Monday, October 13, 2008

Lessons learned from Olympic Athletes

What distinguishes Olympic athletes from Olympic spectators? Well, talent for one. But there are a lot of talented people and many athletes with amazing abilities. Some of those incredible athletes compete in the Olympics, while others, with perhaps as much natural talent, watch from home. What distinguishes one from the other?

It is the activities they choose every single day of their life. The elite athlete chooses hard work every day. A swimmer chooses to wake up at 5:00 AM to dive in the pool rather than sleep in. A hurdler chooses to get on the track rather than sitting in front of the TV. A gymnast often chooses to leave their family and work 8 hours a day on their tumbling skills.

What is the lesson for us? I believe their is something simple which determines those who have a close spiritual relationship with the Lord, and those who don't. What is it about people who can making lasting spiritual change in their lives and those who can't?

Like the Olympic champions, it is the activities they choose every day of their life. It is choosing to pay a full tithing in faith rather than hold something back, it is kneeling morning and night in a prayer of faith pleading for the Lords help, it is being immersed in the scriptures every day, it is faithfully fulfilling a calling.
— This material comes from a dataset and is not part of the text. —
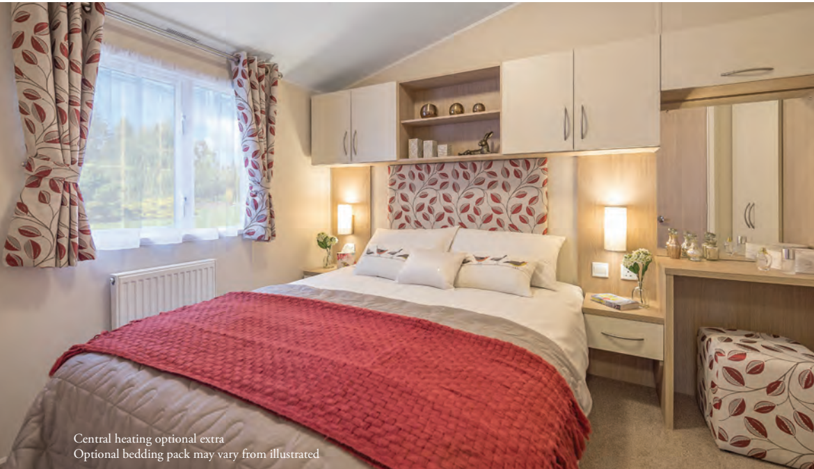
Central heating optional extra Optional bedding pack may vary from illustrated

The small choices I made throughout today will determine my closeness to the Savior and my ability to make lasting change as I recover from my addiction.

The Olympic Marathon is not won by the athlete who spends one week committing to out run every other athlete, and then rests on his laurels. It is won by the runner who gets up every single day and does what is necessary.

Lasting gospel change (including addiction recovery) is not made by the person who commits to one week of complete gospel dedication. It is made by the humble disciple who follows Christ in thousands of simple ways every day of his life.

1 comment:

Mary A said...

This is an inspiring post for me. I have often thought of how disciplined athletes must be and how much it would help me if I translated that daily discipline to my own life. Thanks for writing this.